**Data to process**
....................

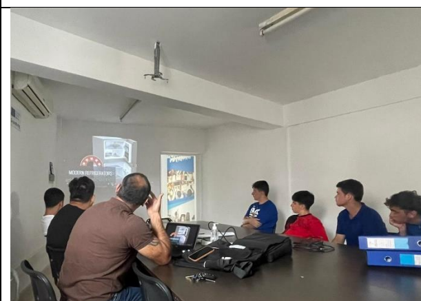
Discuții la office, flux 1, Cipru
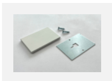
145-50102, B 2xkoncovka - kov, bezšroubová
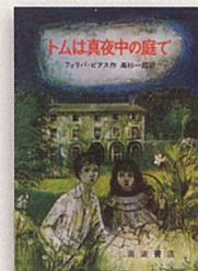
『トムは真夜中の庭で』【岩】 フリリア・ピアス 作
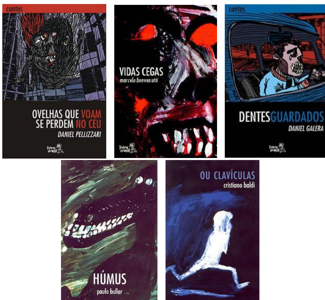
Figura 4 – Capas dos livros da Coleção Contra a Capa.
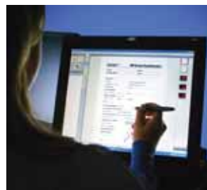
Neu! Schnelle Dateneingabe dank Stift-Tablet

Optionaler Tablet-PC zur Eingabe von Patientendaten in elektronischer Form
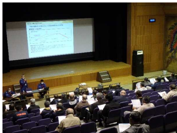
住民説明会の様子
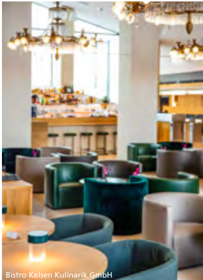
Bistro Kelsen Kulinarik GmbH
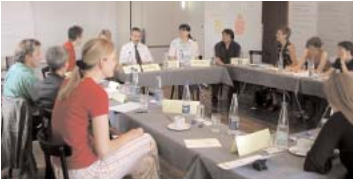
Zum Abschluss der Weiterbildung gab es ein reges Frage-Antwort-«Spiel» zwischen Dozierenden und Doktorierenden.

Mit dem Mentoring-Projekt «Promoting Future» startete die ETH Zürich ein Programm, welches Frauen und Männer für eine akademische Laufbahn begeistern und unterstützen soll: Gruppen von Doktorierenden besuchten Weiterbildungsmodule zu den Bereichen «Standortbestimmung», «Networking» und «Selbstkompetenz». Am Donnerstag, 26. Juni, wurde am Schluss des letzten Moduls, das «Aus», weil die Kosten/Nutzen-Rechnung nicht mehr aufgeht.
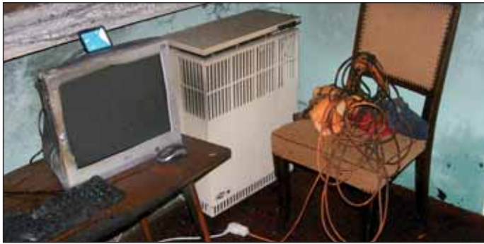
Kocséron lakóépülettűzhöz vonultak a nagykőrösi lánglovagok
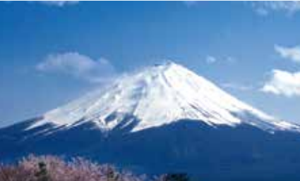
富士山が世界文化遺産に登録('13)
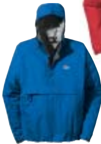
↑ Low Alpine - Rush Anorak
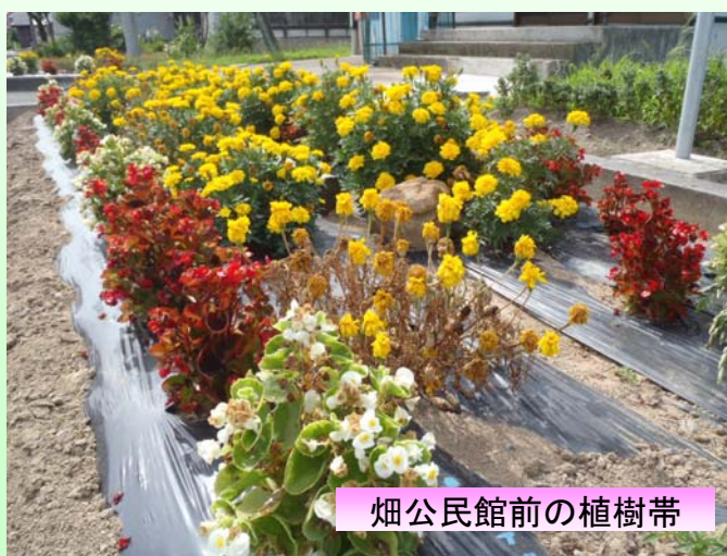
畑公民館前の植樹帯

....................

**Required action**
All that is wanted is the lines above between the one containing "Neu! Schnelle Dateneingabe dank Stift-Tablet" and the one containing "Zum Abschluss der", inclusive, restated word for word, with pictures omitted.

**Exercise output**
Neu! Schnelle Dateneingabe dank Stift-Tablet

Optionaler Tablet-PC zur Eingabe von Patientendaten in elektronischer Form
住民説明会の様子
Bistro Kelsen Kulinarik GmbH
Zum Abschluss der Weiterbildung gab es ein reges Frage-Antwort-«Spiel» zwischen Dozierenden und Doktorierenden.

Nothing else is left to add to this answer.